Don’t offload that responsibility onto an Ops department or your InfoSec team. Own the problem and visualise it using automation. By baking security scanning into your pipeline, you’re generating vast streams of data. Those streams can be used in a crisis or in day to day debugging.
Deployment of Applications to ALL ENVIRONMENTS
I was once told that all deployments except production were automated because we couldn’t risk it for our production environments. Their deployments were so convoluted that they didn’t want to “risk” automating it. Deciding instead to leave it to the ever reliable human mind.
Don’t shy away because you’re feeling nervous. If you’ve got a simple deployment process, automation is easy. If you’ve got a complex process, it’s an absolute necessity. There’s no way out. Automate, automate, automate.
Post deployment checks
Once you’ve got that deployment out, how do you know it’s working? One key ingredient to a robust pipeline is a sanity check. This can take the form of a smoke test, or something more rigorous. You might issue a HTTP call to your API and check it returns with a
2xx status code. Whatever — don’t just assume your deployment was peachy because your app has started up.
Whether your build has failed or succeeded, a notification should be issued by the pipeline.
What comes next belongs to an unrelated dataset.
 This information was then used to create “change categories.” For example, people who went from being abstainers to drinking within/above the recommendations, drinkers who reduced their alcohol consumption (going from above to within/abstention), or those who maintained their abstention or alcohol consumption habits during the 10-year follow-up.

This should be sent to the medium that your engineers use most frequently. Don’t clog up people’s email inboxes — all they’ll do is make a rule and hide them away in a random folder. Push them into IM (and into any auditing solution). Slack, Microsoft Teams (sigh),
Good error messages
The best way to talk about good error messages is to start with an unclear error message.
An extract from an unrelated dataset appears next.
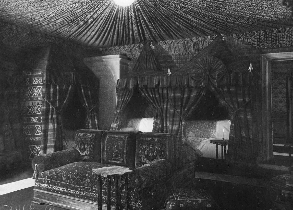 Внутри были оборудованы не только сами банные помещения, но и, как сейчас бы сказали, комнаты релаксации, отделанные в псевдо-китайском стиле. Внутренний вид кабин для раздевания.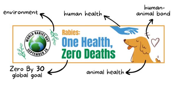 “同一个健康”主题的设计具有包容性,确保每个人(无论你是专业人士还是对狂犬病感兴趣的公众成员)都认为自己是一个不可或缺的合作伙伴,可以做出改变,并帮助我们作为一个集体实现消除狂犬病的目标。这一主题背后的精神是鼓励合作、伙伴关系和共同采取消除狂犬病的措施,以符合“30年前零死亡”:到2030年消除由狗引起的人类狂犬病死亡的全球战略计划。

Error: "nginx-ingress" has no deployed releases
This is really obvious if you know about helm — if you have already seen this issue before. Alas, our error messages shouldn’t be aimed at only the people who know. It should be easily understood by everyone. So on the face of it, this message isn’t all that clear is it? I deployed my last release. It is deployed… I think. If you were to run
helm list you’d see something like:
NAME REVISION UPDATED STATUS
nginx-ingress 6 Fri May 3 11:19:45 2019 FAILED
The problem with the error message is that it offers no context or instruction. These are two completely essential ingredients. What does this mean, what is the impact? And what should you do? With these in mind, a more useful error message is something like this:
Your application can not be deployed because it is in a failed state. You can verify this using the helm list command. You should rollback to a previous working revision, using the helm rollback command.
The first sentence here provides the context — the application is in the wrong state. That’s the root cause. It also offers diagnostic assistance, should you want to verify this issue yourself. Context.
The second portion of this error message offers instruction for remediation. Instead of following some ancient confluence document, the instructions are right there in the code. A good error message can remove the need for extensive tutorials and how-to guides. It can eliminate costly googling and create living, responsive documentation in the code that won’t go stale. It’s worth spending the time getting those right.
The last one is metrics. It is helpful to know how many deployments are failing, how many are succeeding, how long builds are taking, where the choke points are etc. There is a wealth of information for your team to dig into and understand.